Exercise aim ▸
Transcribe the listing below word for word but skip its images.

Recorded information below:

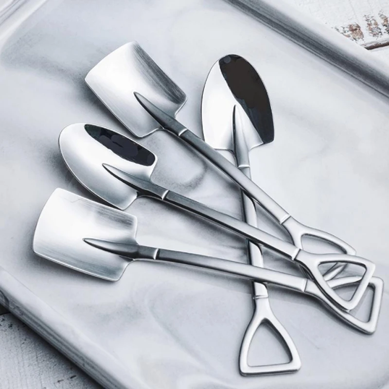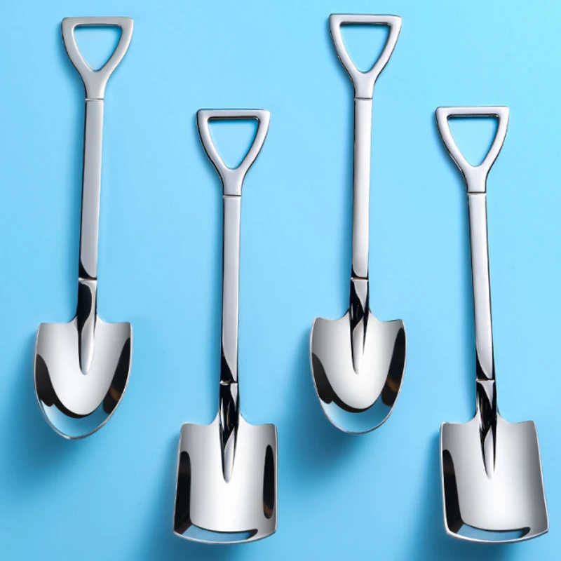 304 Stainless Steel Iron Shovel Spoon Coffee Ice Cream Spoon Engineering Shovel Retro Cute Square Head Spoon Kitchen Gadget
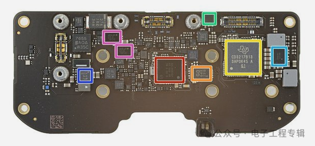 芯片方面,在Vision Pro主机及配套的扬声器及外接电源当中,除了苹果的自研的处理器芯片之外,还有多颗苹果自研的电源管理芯片,以及大量的德州仪器的芯片,数量达到了17颗之多。令人意外的是,Vision Pro上还有一颗国产存储芯片厂商兆易创新的NorFlash芯片。
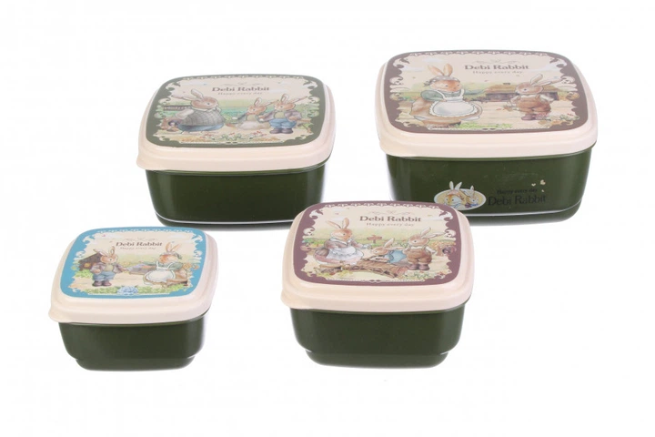 Набір ланчбоксів 400/320/180/120мл, 4 шт. зелені з бежевими кришками

End of Recorded information.

Answer to the exercise ▸
 304 Stainless Steel Iron Shovel Spoon Coffee Ice Cream Spoon Engineering Shovel Retro Cute Square Head Spoon Kitchen Gadget
 芯片方面,在Vision Pro主机及配套的扬声器及外接电源当中,除了苹果的自研的处理器芯片之外,还有多颗苹果自研的电源管理芯片,以及大量的德州仪器的芯片,数量达到了17颗之多。令人意外的是,Vision Pro上还有一颗国产存储芯片厂商兆易创新的NorFlash芯片。
 Набір ланчбоксів 400/320/180/120мл, 4 шт. зелені з бежевими кришками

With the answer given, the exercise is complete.